Disclosure Requirements for Paid Partnerships

Under the new policy, influencers engaging in paid partnerships are required to clearly disclose all such promotions. X emphasizes that undisclosed promotions undermine credibility and erode user trust. Posts created through paid partnerships must include the “Paid Partnership” label, and influencers are responsible for adhering to all applicable laws, including the Federal Trade Commission’s (FTC) guidelines regarding endorsements, and reviews.

Distinction Between Partnerships and Advertising

X’s revised policy differentiates between paid partnerships and standard advertising. Content prohibited in paid partnerships may still be permissible through X ads, offering brands alternative avenues for promotion.

Community Reactions and Concerns

The policy change has elicited mixed reactions from the cryptocurrency community. While some users welcome the opportunity for increased promotion, others have expressed concerns. Cryptocurrency analyst Benjamin Cowen highlighted the potential impact on influencer business models, suggesting that “Now, 90% of cryptocurrency influencers need to find a new business model.
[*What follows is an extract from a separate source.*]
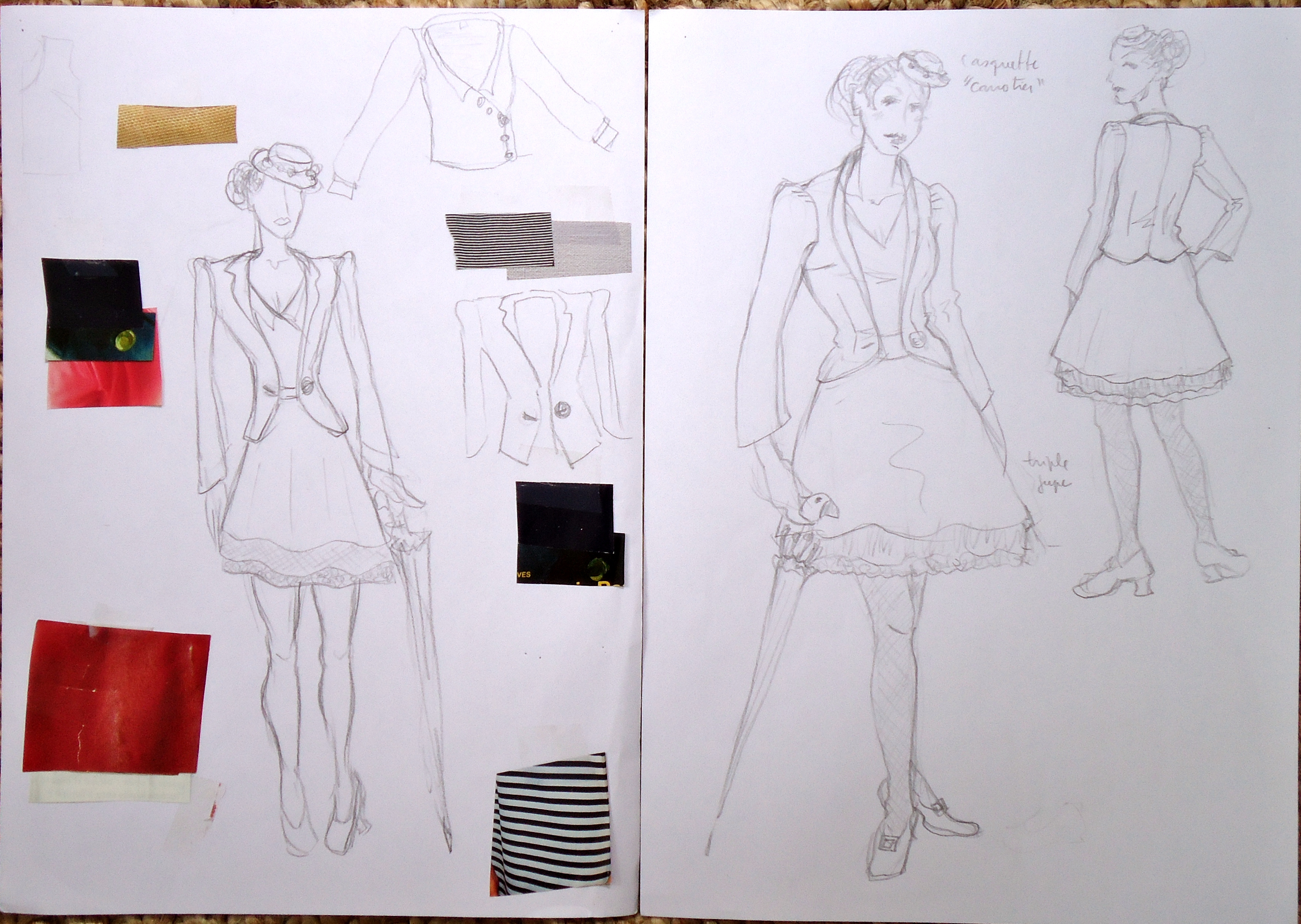 Ici j’ai représenté le serre-tête « canotier », la veste en velours et la triple jupe (soie, tulle et dentelle, dans l’ordre). Tous ces éléments, avec la gamme de couleurs et les échantillons de tissu, vont aider à construire une idée solide du concept représenté.

They can no longer be maintained by just pretending to like the project they are paid to promote and handing over their tokens to people who trust them.”

Rune, another analyst, raised concerns about enforcement, noting that X is now banning users who promote cryptocurrencies, regardless of whether the promotion is disclosed. He stated, “This is a paid partnership in name only. Who can tell the difference between unpaid token promotion and paid promotion? There will be massive user bans on Crypto Twitter (CT) and everyone will be afraid to promote the token.”

Implications for Cryptocurrency Marketing

This policy change is expected to reshape cryptocurrency marketing strategies on X. Influencers who previously relied on informal promotional methods may need to adapt their approaches. Brands now have a compliant and legal pathway for campaigns, but strict adherence to disclosure obligations is crucial. The move signals X’s attempt to balance regulatory compliance with creator monetization.